Choose an arbitrary permutation $P = (P_1, P_2, \ldots, P_N)$ of $(1, 2, \ldots, N)$ and an integer $1 \leq i \leq N-1$. Consider a sequence that is obtained by swapping the $i$-th and $(i+1)$-th element of $P$, $P' = (P_1, P_2, \ldots, P_{i-1}, P_{i+1}, P_i, P_{i+2}, \ldots, P_N)$. Let us compare the score $f(P)$ of $T$ corresponding to $P$, and the score $f(P')$ of $T$ corresponding to $P'$.

As a result of the update from $P$ to $P'$, $T$ loses “the pairs of an X contained in $S_{P_i}$ and a digit contained in $S_{P_{i+1}}$,” and gains “the pairs of an X contained in $S_{P_{i+1}}$ and a digit contained in $S_{P_i}$.” Thus, $f(P') - f(P) = X_{P_{i+1}}Y_{P_i} - X_{P_i}Y_{P_{i+1}}$. Therefore, we have

$$f(P') \gt f(P)$$

$$\Leftrightarrow X_{P_{i+1}}Y_{P_i} \gt X_{P_i}Y_{P_{i+1}} \tag{1}$$

$$\Leftrightarrow \frac{Y_{P_i}}{X_{P_i}} \gt \frac{Y_{P_{i+1}}}{X_{P_{i+1}}}. \tag{2}$$

In other words, swapping the $i$-th and $(i+1)$-th elements of $P$ makes the score of $T$ larger if and only if the inequality (2) holds.
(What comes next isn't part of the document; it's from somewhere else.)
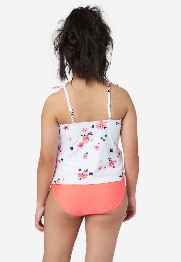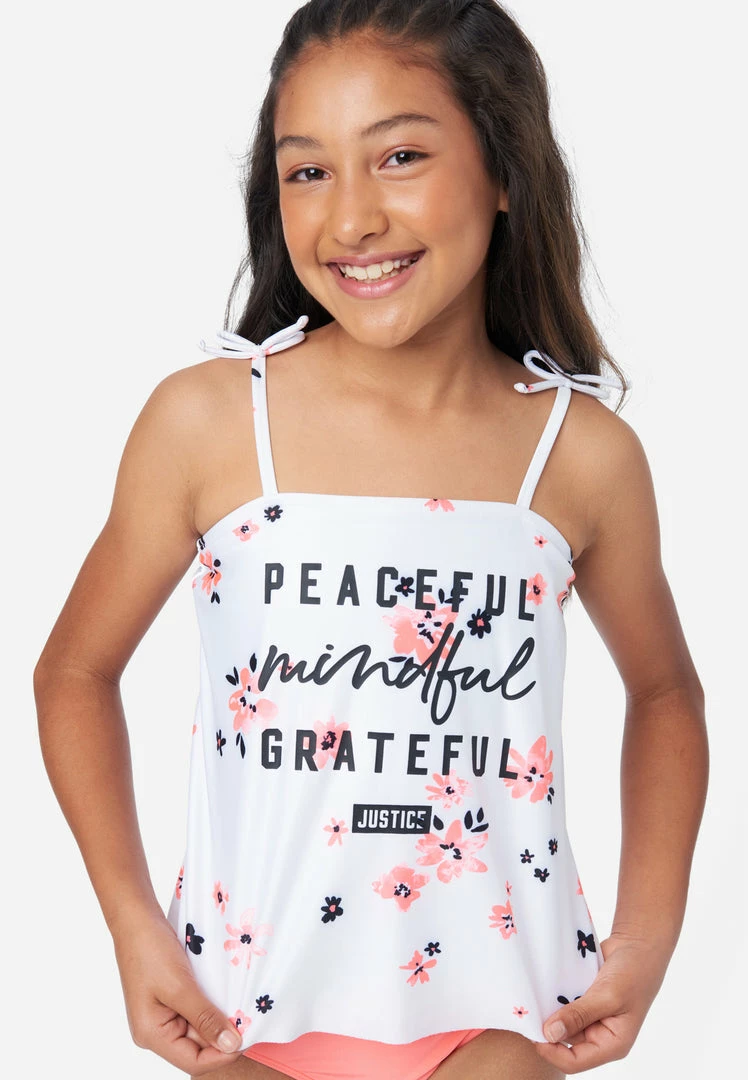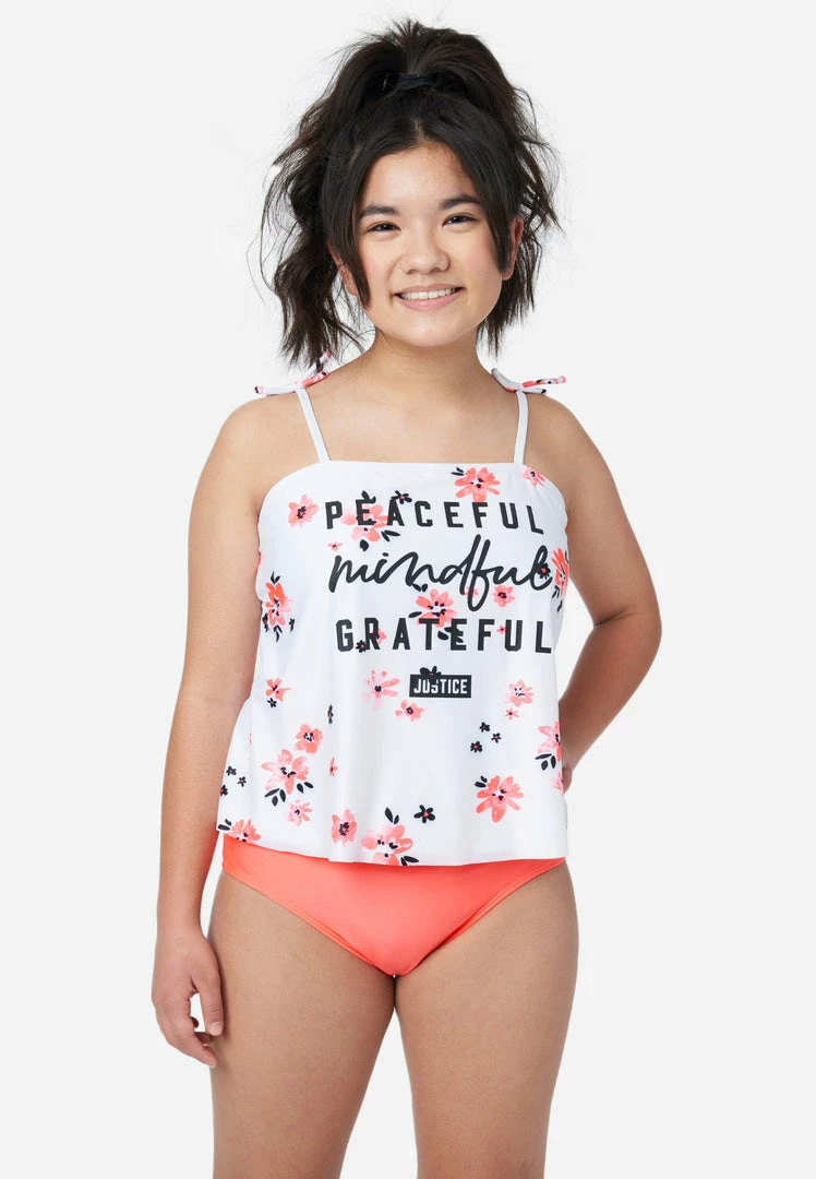 Our girls’ tankini swim sets have a swim top that sports a floral pattern and bold inspiring graphic on the front. It has a straight neckline, flounce fit, and adjustable straps for the perfect fit. The bikini bottoms have a coordinating hue that completes the look. It’s made from recycled materials, and it’s super-stretchy to keep this style comfy. This means not only will your girl look good while walking on the sand, but she’ll feel good about reducing her carbon footprint, too.
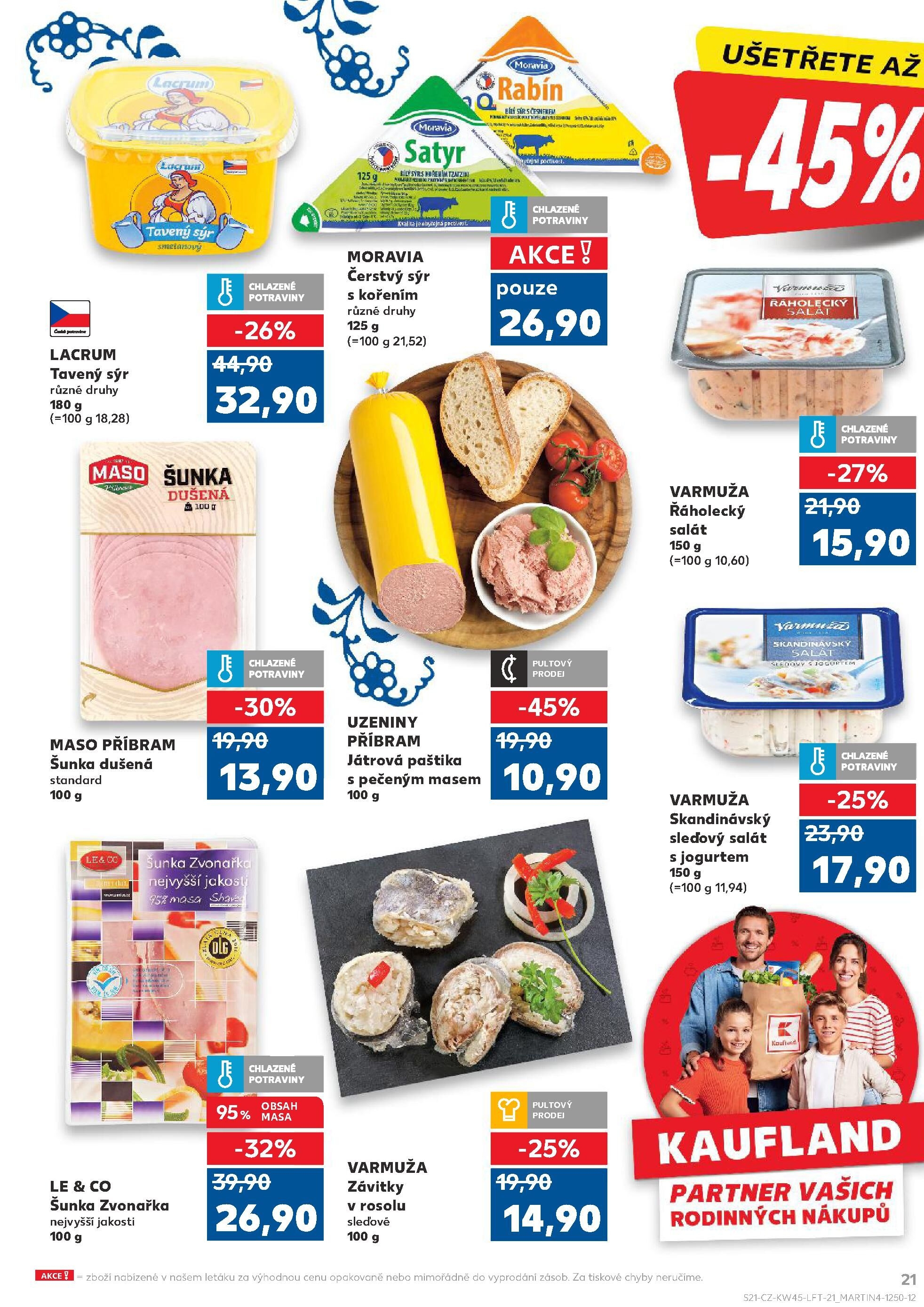 V letáku obchodu Kaufland najdete širokou nabídku chlazených potravin za výhodné ceny. Mezi produkty se objevují tavené sýry různých druhů, které jsou nyní v akci za 32,90 Kč. Dále si můžete vybrat čerstvý sýr s kořením za 26,90 Kč nebo šunku dušenou od značky Řáholecký za 13,90 Kč, což představuje slevu 30%.

Therefore, in order to maximize the score of $T$, let $P$ be a permutation of $(1, 2, \ldots, N)$ sorted in ascending order of $(1, 2, \ldots, N)$. (Here, if $X_i= 0$, we consider that $Y_i/X_i$ takes a value $\infty$ greater than any real number.)

Hence, in order to solve this problem, it is sufficient to construct $T$ by concatenating $S_1, S_2, \ldots, S_N$ in ascending order of $Y_i/X_i$ and to print the score of that $T$. In the implementation, it would be simple to implement the inequality (1) instead of (2), because we can stick to integers and handle the exception where the denominator is $0$.